GIVEN INFORMATION:

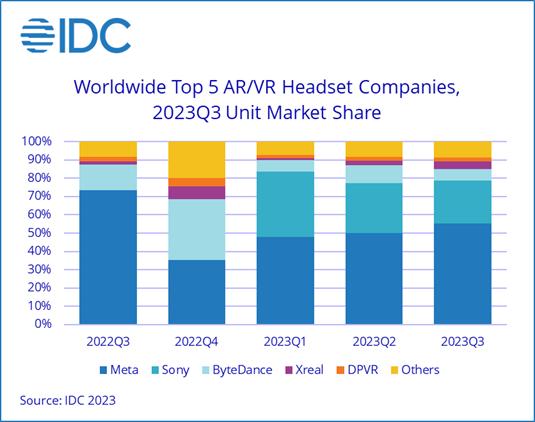 然而,2024年將成為AR/VR頭顯市場巨大復(fù)蘇的一年,AR/VR頭顯出貨量預(yù)計(jì)將增長46.4%?;謴?fù)狀態(tài)得益于Meta Quest 3和Apple Vision Pro的上市,預(yù)計(jì)這兩款產(chǎn)品將引起廣泛關(guān)注。Meta 是2023年第三季度的市場領(lǐng)導(dǎo)者,占據(jù)了55.2%的市場份額,在2023年前三個(gè)季度(Quest 3推出之前)的出貨量已經(jīng)超過預(yù)期的10倍,并且2024年可能會經(jīng)歷同比增長。
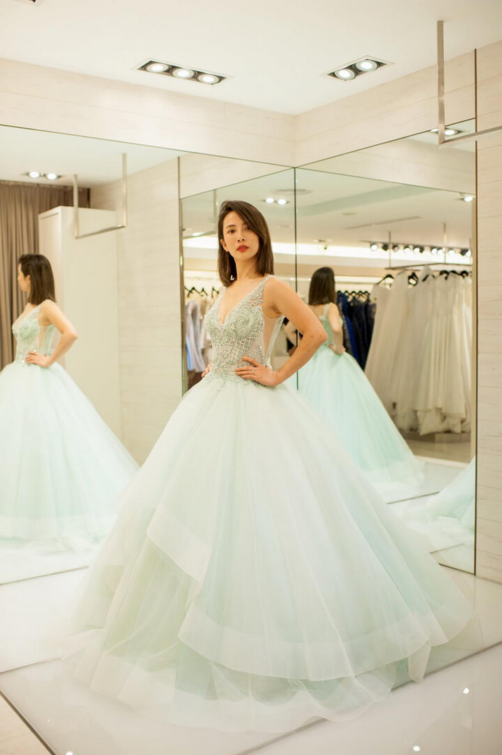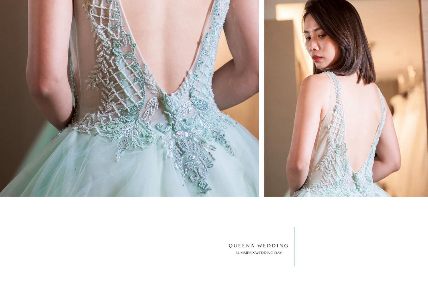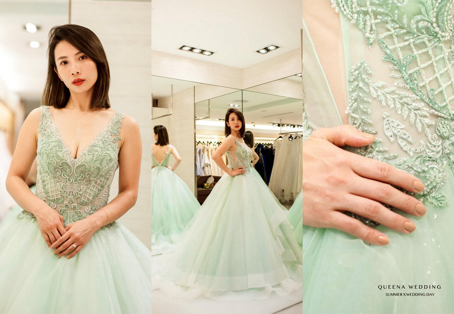 說實話,我本人本來是完全不接受這種綠、粉婚紗,顧問跟我推薦著讓我試試,我抱著是事就看看的心態穿上,邊穿邊問有沒有別的顏色,直到穿好後我對他的剪裁設計讚譽有加,竟然還有種感覺我是小精靈的錯覺,真不愧是台灣設計師設計的款式,最了解我們的身形該如何修飾呈現出最好的,巧妙的把上身的副乳修飾住,讓整個上身看起來更纖細!
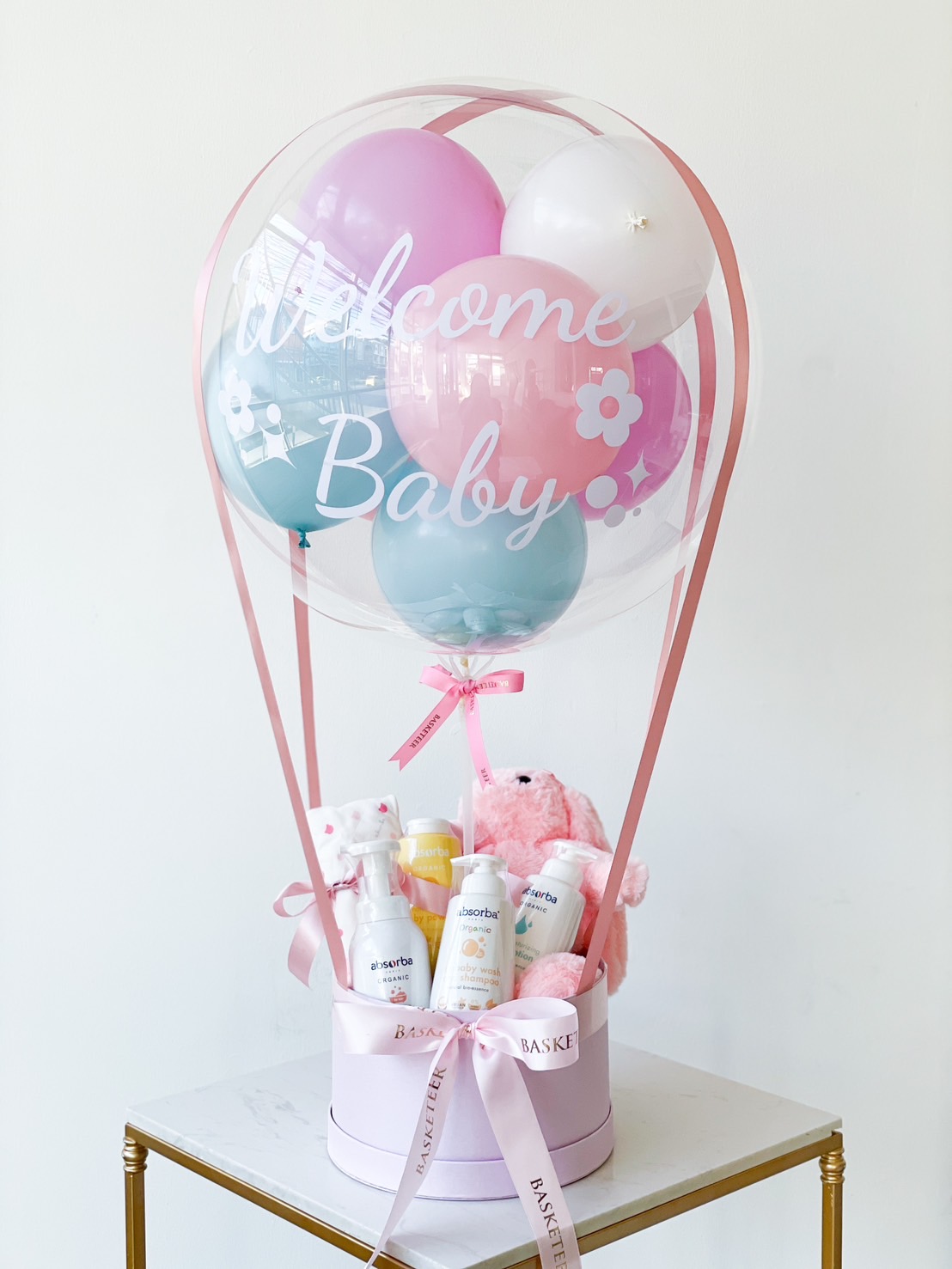 A luxurious pink gift box adorned with an elegant ribbon and the Basketeer logo presents the Bundle of Joy Baby Essentials. Inside, you'll find an array of premium baby care products, a plush stuffed animal, and a stunning large transparent balloon that reads

WHAT IS REQUIRED:
Output all of the data exactly as it stands, minus any images.

REPLY:
 然而,2024年將成為AR/VR頭顯市場巨大復(fù)蘇的一年,AR/VR頭顯出貨量預(yù)計(jì)將增長46.4%?;謴?fù)狀態(tài)得益于Meta Quest 3和Apple Vision Pro的上市,預(yù)計(jì)這兩款產(chǎn)品將引起廣泛關(guān)注。Meta 是2023年第三季度的市場領(lǐng)導(dǎo)者,占據(jù)了55.2%的市場份額,在2023年前三個(gè)季度(Quest 3推出之前)的出貨量已經(jīng)超過預(yù)期的10倍,并且2024年可能會經(jīng)歷同比增長。
 說實話,我本人本來是完全不接受這種綠、粉婚紗,顧問跟我推薦著讓我試試,我抱著是事就看看的心態穿上,邊穿邊問有沒有別的顏色,直到穿好後我對他的剪裁設計讚譽有加,竟然還有種感覺我是小精靈的錯覺,真不愧是台灣設計師設計的款式,最了解我們的身形該如何修飾呈現出最好的,巧妙的把上身的副乳修飾住,讓整個上身看起來更纖細!
 A luxurious pink gift box adorned with an elegant ribbon and the Basketeer logo presents the Bundle of Joy Baby Essentials. Inside, you'll find an array of premium baby care products, a plush stuffed animal, and a stunning large transparent balloon that reads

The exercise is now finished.